Lo scopo quindi è duplice: controllare la possibile deriva liberale del cyberspazio, impostandolo in modo “sostenibile” secondo la dottrina del Pcc (Partito Comunista Cinese) e usare i dati per obiettivi strategici in modo da far diventare la Cina una superpotenza tecnologica guidata dal Politburo.
In questa trattazione non intendiamo affrontare gli aspetti etici oppure quelli più strettamente tecnici dell’utilizzo dell’I.A in quanto già esposti in precedenza: riassumendo, questo provvedimento potrebbe essere funzionale anche al miglioramento del funzionamento degli algoritmi, che sono ancora soggetti a pregiudizi di tipo “umano”, e a circoscrivere la responsabilità del loro utilizzo, che ancora oggi non è stata definita in sede giuridica.

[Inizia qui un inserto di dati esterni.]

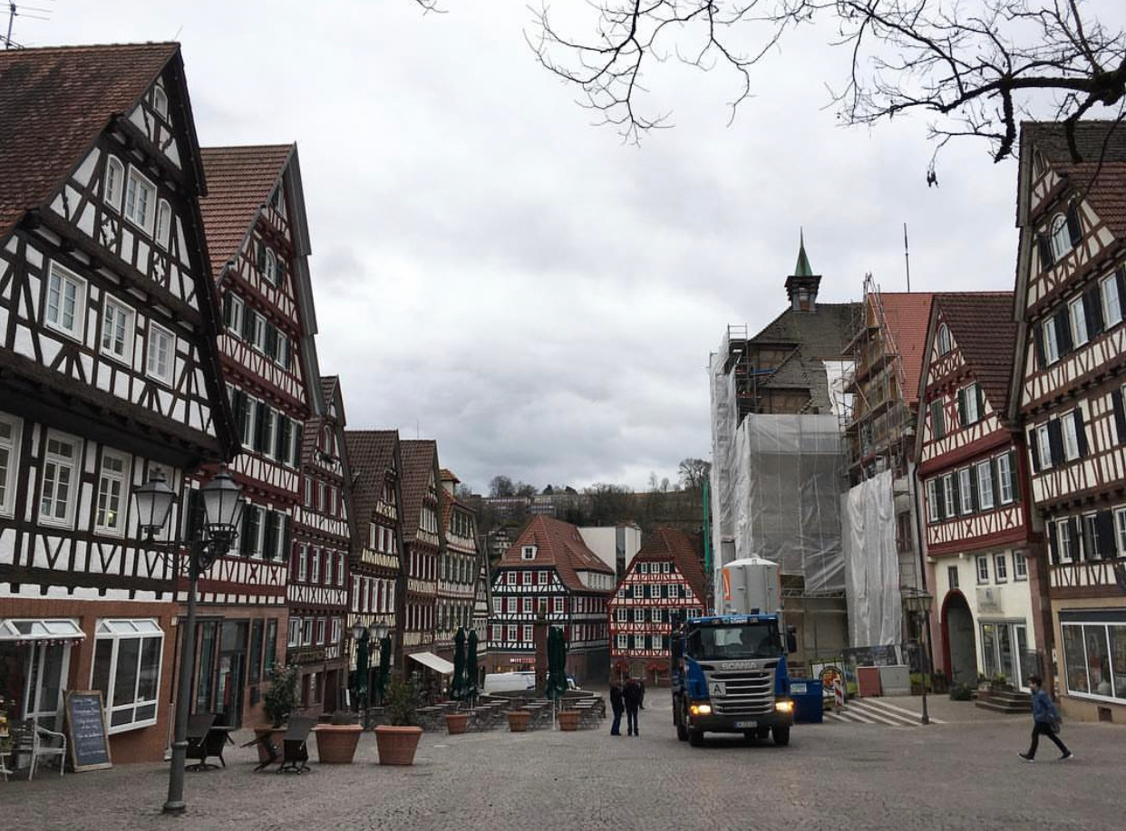헤르만 헤세 생가를 중심으로 해서 관광지로 발돋움하려는 시도인지 건물마다 저런 모양으로 외관 리모델링을 하느라 온통 공사중이었다. 그 덕에 인구 2만 명뿐인 작은 마을 칼브는 아주 예뻤다.

Vogliamo invece soffermarci sulle possibili implicazioni legate al confronto tra Cina e Stati Uniti, che porta con sé conseguenze anche per l’Europa. Per farlo partiamo da un assunto espresso nel 2018 dall’allora segretario alla Difesa Usa, il generale James “mad dog” Mattis: “Per decenni gli Stati Uniti hanno goduto di una superiorità incontrastata o dominante in ogni ambito operativo. In genere potevamo schierare le nostre forze quando volevamo, assemblarle dove volevamo e operare come volevamo. Oggi ogni dominio è conteso: aria, terra, mare, spazio e cyberspazio”.
Una tesi ribadita recentemente anche da un profondo studioso statunitense dei rapporti sino-americani, il professor Graham Allison, che in una recente intervista ha affermato, parlando proprio di Intelligenza Artificiale, che “nello spazio dell’I.A. se disponi di un sistema di Intelligenza Artificiale più efficace in grado di far sì che un pezzo di equipaggiamento militare, ad esempio in un combattimento aria-aria, risponda più rapidamente del pilota dell’aereo avversario, vinci, quindi questi avere applicazioni militari”.
L’allarme era stato già lanciato esattamente un anno fa da Nicolas Chaillan, il primo chief software officer del Pentagono che si era dimesso per protestare contro il lento ritmo della trasformazione tecnologica nell’esercito degli Stati Uniti. Sebbene gli allarmi siano tendenzialmente esagerati, stante i progressi dimostrati e dimostrabili compiuti dagli Usa in questo campo, l’Occidente parte in svantaggio sia per la mancanza di un chiaro ed elastico aspetto normativo, sia per la stessa impostazione della società, molto più attenta all’aspetto “umano” rispetto a quella cinese quando si tratta delle applicazioni pragmatiche dell’I.A. nel settore militare.
Pechino – così come Mosca – a differenza dell’Occidente sta optando per una gestione dell’Intelligenza Artificiale nei sistemi bellici secondo il principio Human-out-of-the-loop, ovvero che affida agli algoritmi la totale gestione della macchina. Analisti e scienziati cinesi, infatti, ritengono che si arriverà a una “singolarità” sul campo di battaglia quando l’uomo non sarà più in grado di tenere il passo con la velocità operativa delle macchine, per cui il principio Human-in-the-loop diventerà uno svantaggio.
Il provvedimento recentemente entrato in vigore in Cina, quindi, potenzialmente avrà effetti dirompenti nel settore dell’I.A. applicata alla Difesa, permettendo di captare i codici sorgenti di tutte le società che operano in Cina e così poterli eventualmente sviluppare ed applicare nel campo degli armamenti. La subordinazione del settore “privato”, ammesso che si possa definire tale in un Paese come la Cina, a quello pubblico diventa pertanto un vantaggio fondamentale se consideriamo la riluttanza di alcune delle maggiori aziende occidentali – come Google – a collaborare con lo Stato quando si tratta di ricerca ad alta tecnologia nel settore informatico. Una riluttanza determinata dalla mancanza di un ordinamento giuridico dedicato, che ancora oggi fatica a essere definito sia negli Stati Uniti sia in Europa.